I cannot, however, figure out how to run the inference using onnxruntime in python, and specifically process the outputs…
I tried following the python script from this topic: Run PeopleNet with tensorrt - #21 by carlos.alvarez
But it seems as the trt engine return a continuous array that the onnx does not.
This is my preprocessing function:
image = Image.fromarray(np.uint8(arr))
image_resized = image.resize(size=(self.model_w, self.model_h), resample=Image.BILINEAR)
img_np = np.array(image_resized, dtype=np.float32)HWC → CHW
img_np = img_np.transpose((2, 0, 1))
Normalize to [0.0, 1.0] interval (expected by model)
img_np = (1.0 / 255.0) * img_np
img_np = np.expand_dims(img_np, axis=0)
return img_np
I figured the modle input is (1, 3, 480, 640).

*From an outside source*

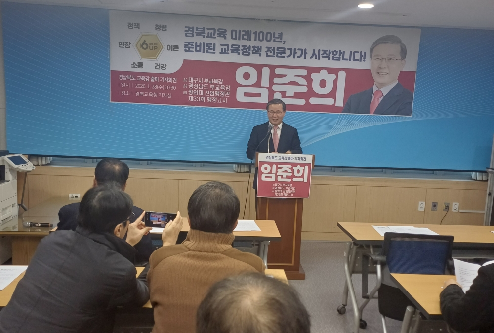 임준희 전 대구시 부교육감(63년생)은 1월 28일 경북교육청 브리핑실에서 기자회견을 열고 오는 6월 3일 치러지는 경상북도교육감 선거 출마를 공식 선언했다.

In addition the arr variable is an RGB image (read through cv2 and converted from BGR to RGB).
I inference using:
input_dict = {}
input_dict[inputs.name] = data
outs = self.predictor.run(self.outputs, input_dict)
return outs
(inputs.name = ‘inputs_1:0’ and self.outputs = None)
the outs i get is a list consisting of:
[np.ndarray(shape=(1,1,30,40)), np.ndarray(shape=(1,4,30,40))]
I’m guessing the first array is the confidences and the second is the boxes. But how do i postprocess this into actual results…? In addition the maximum confidence I get is 0.000146…
Thanks alot.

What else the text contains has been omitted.